Activity: The copy should begin at the line containing "Si tratta di" and end with the last line below, every line exact and no picture included.

Records to use:
= Beginning of Section =
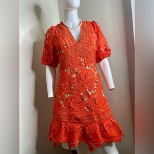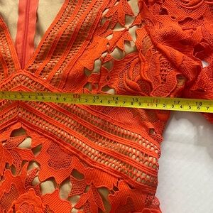 Stand out in this vibrant orange lace dress, perfect for any occasion. The intricate lace design adds a touch of elegance and sophistication.
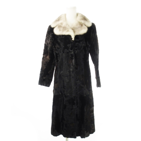 ノーブランド ファーコート ファイアミンク ラム ロング 配色 切替 ミックス 黒 ブラック 茶 ブラウン /CK14 ■GY18 レディース
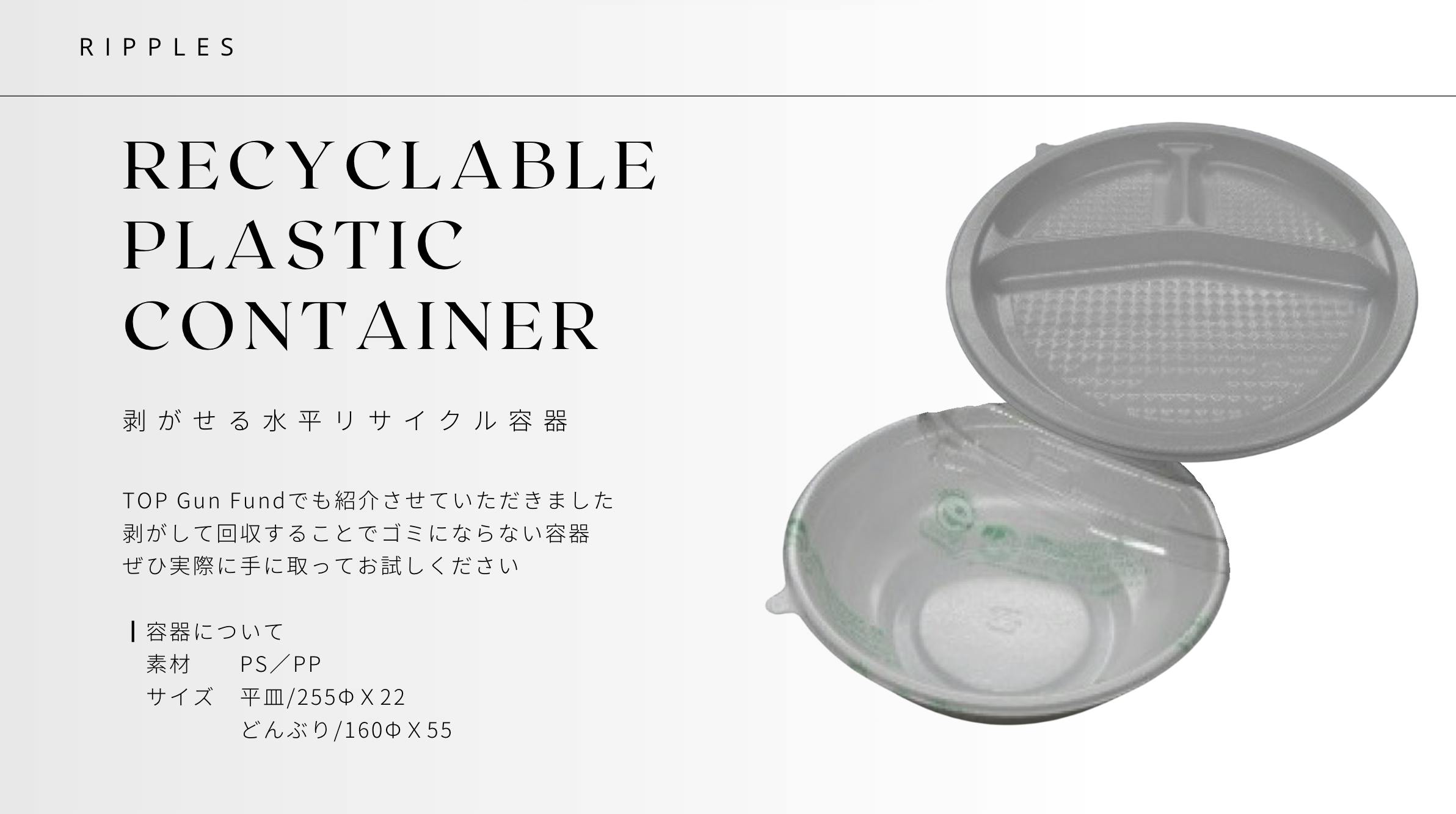 水平リサイクルを実現し、使用後の容器回収率を上げていくためにも、Ripples のお二人のお力が必要です。
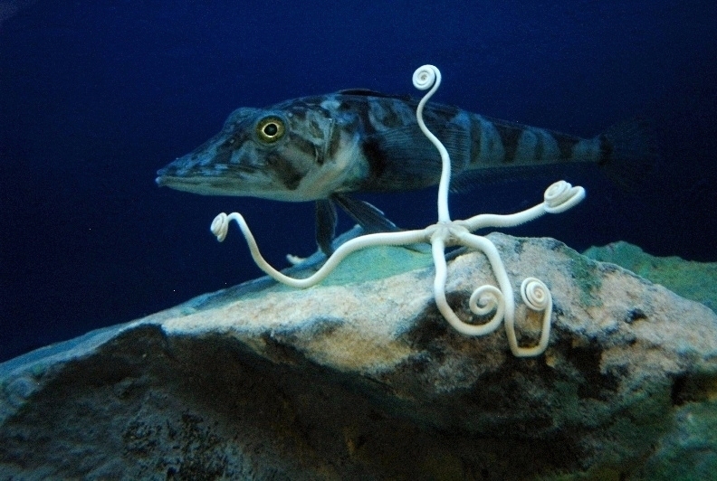 Si tratta di un pesce e di una stella marina di ambienti artici.. La foto è stata scattata all'acquario di Genova.
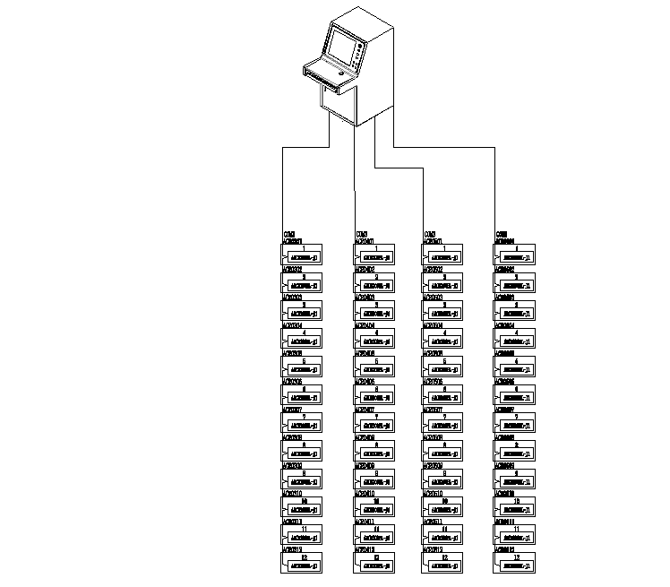 長沙市中心醫院胸科樓電氣火災監控系統現場有48只ARCM200剩余電流式儀表,安裝于該醫院樓層配電箱內。現場儀表采用總線方式接入,將數據上傳至消控中心的Acrel-6000/Q琴臺式電氣火災監控系統。
= End of Section =
Exercise result:
 Si tratta di un pesce e di una stella marina di ambienti artici.. La foto è stata scattata all'acquario di Genova.
 長沙市中心醫院胸科樓電氣火災監控系統現場有48只ARCM200剩余電流式儀表,安裝于該醫院樓層配電箱內。現場儀表采用總線方式接入,將數據上傳至消控中心的Acrel-6000/Q琴臺式電氣火災監控系統。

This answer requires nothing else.